I recently had a series of moderately unpleasant health problems, which eventually led to my being tested for a rare, and potentially very serious, genetic disease (for worried parties: the test was negative). I thought I would share this anecdote because, first, it’s the only time I’ve wished I had more genetic information about myself in a medical setting, and second, because it illustrates the sorts of gaps in medical knowledge that could be aided by routine genome sequencing.
I presented, as they say, with palpitations and syncope: briefly, while standing at a church during a wedding, I had passed out, and for a couple weeks since had been experiencing a host of unpleasant symptoms, including heart palpitations, chest pain, lightheadedness, and general fatigue. After a couple of chats with my GP, I was referred to a cardiologist.
The cardiologist reported that I had a somewhat abnormal EKG pattern, consistent with Brugada syndrome, an autosomal dominant genetic disease most notable (to me) for the fact that its primary symptom is sudden cardiac death. However, the particular EKG pattern I had was not diagnostic, and indeed is sometimes reported as a normal variant .

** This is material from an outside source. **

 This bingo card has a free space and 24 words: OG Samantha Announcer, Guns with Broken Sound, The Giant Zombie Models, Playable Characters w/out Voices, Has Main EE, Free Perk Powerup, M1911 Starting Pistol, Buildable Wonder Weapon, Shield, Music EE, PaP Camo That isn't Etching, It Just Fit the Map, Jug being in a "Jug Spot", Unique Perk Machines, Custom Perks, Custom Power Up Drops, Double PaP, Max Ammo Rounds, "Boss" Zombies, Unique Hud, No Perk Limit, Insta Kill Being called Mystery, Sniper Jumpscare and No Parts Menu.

I agreed that it seemed reasonable to do a more diagnostic test. The cardiologist explained the possibilities to me, one of which entailed something along the lines of inserting electrodes through a vein directly into my heart. I, of course, asked why he couldn’t just sequence the bloody gene.
As it turns out, it’s not quite that simple— the test, if done commercially, costs over five thousand dollars (I’m ashamed to admit I hadn’t really totally realized how absurd prices for genetic testing are until I looked that up), but more importantly, mutations in the known causal genes can be found in only something like 30% of patients with the syndrome. Still, readers here can probably appreciate how frustrating it was to be unable to check immediately for these mutations.

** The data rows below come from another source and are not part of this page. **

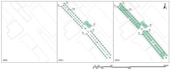 Tree-lined trees in Gat Lebuh China, George Town, Penang, 2000, 2023, and 2050. Ce: Conocarpus erectus; Pi: Pterocarpus indicus; Ti: Talipariti tiliaceum.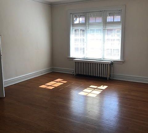 This beautiful castle like building is located in the sought out Moorelands neighborhood. This is a 2 bedroom/1 bath apartment on the top floor of the building. It has a formal dining room, and hardwood floors. There is no central air, but the owner provides 2 window unit air conditioners. Coin laundry in the basement as well as storage. Street parking is available. Owner pays for water, sewer, trash, and heat.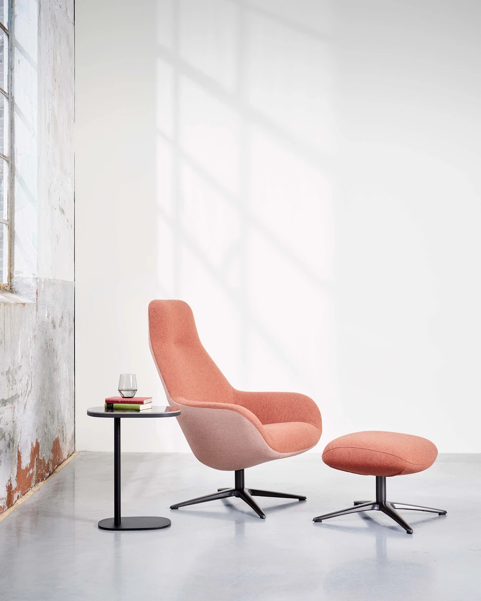 But the life-story of LXR10 is, again, one of customisation. With an oak or walnut plywood shell, fabric or leather upholstery – including eye-catching overlapping armrests – and a polished aluminium or epoxy swivel base, the LXR10, together with the rest of the Leolux LX range, can fulfil a contract designer’s most creative vision.

In any case, I agreed to plan for a non-invasive test for the disease, and spent the next week scouring the literature and furiously calculating posterior probabilities: probability of Brugada syndrome given my symptoms, lack of family history, and the EKG; probability of sudden death given Brugada and the EKG; etc. By any reasonable calculation, these probabilities were all small but non-negligible.

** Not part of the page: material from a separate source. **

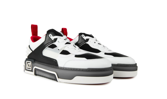Meet the Christian Louboutin Astroloubi Leather Sneakers, exuding a bold hip-hop, 90s street-style inspired silhouette. Complete with the CL varsity monogram on the side and signature Maison Christian Louboutin spikes at the rear, boasting an iconic signature. From weekend outings to social gatherings, these low-top sneakers are the perfect choice.

In the end, the test was negative.
This whole episode was somewhat stressful and surreal, but it got me thinking a bit about the role of genome sequencing in medicine. What’s really striking to me is that the price of whole genome sequencing is already competitive with commercial Sanger sequencing tests of individual genes. As I mentioned, 70% of Brugada syndome cases cannot be linked to any individual gene. If instead of the commercial tests, these 70% of patients had their entire genomes sequenced, I bet the number of known causal genes would go up considerably. And my guess is that patients with mutations in different genes have somewhat different prognoses, and could be stratified by risk to some extent. People have talked about the role of sequencing in medicine for years; I hadn’t realized this was feasible (and economical) right now.
 For those familiar with the syndrome, my EKG is type III Brugada pattern (see the image in the post). Wikipedia says “Type 3 pattern is not uncommon in healthy subjects”, but the best estimates I could find in the literature put its prevalence at ~0.5%, which isn’t exactly common either.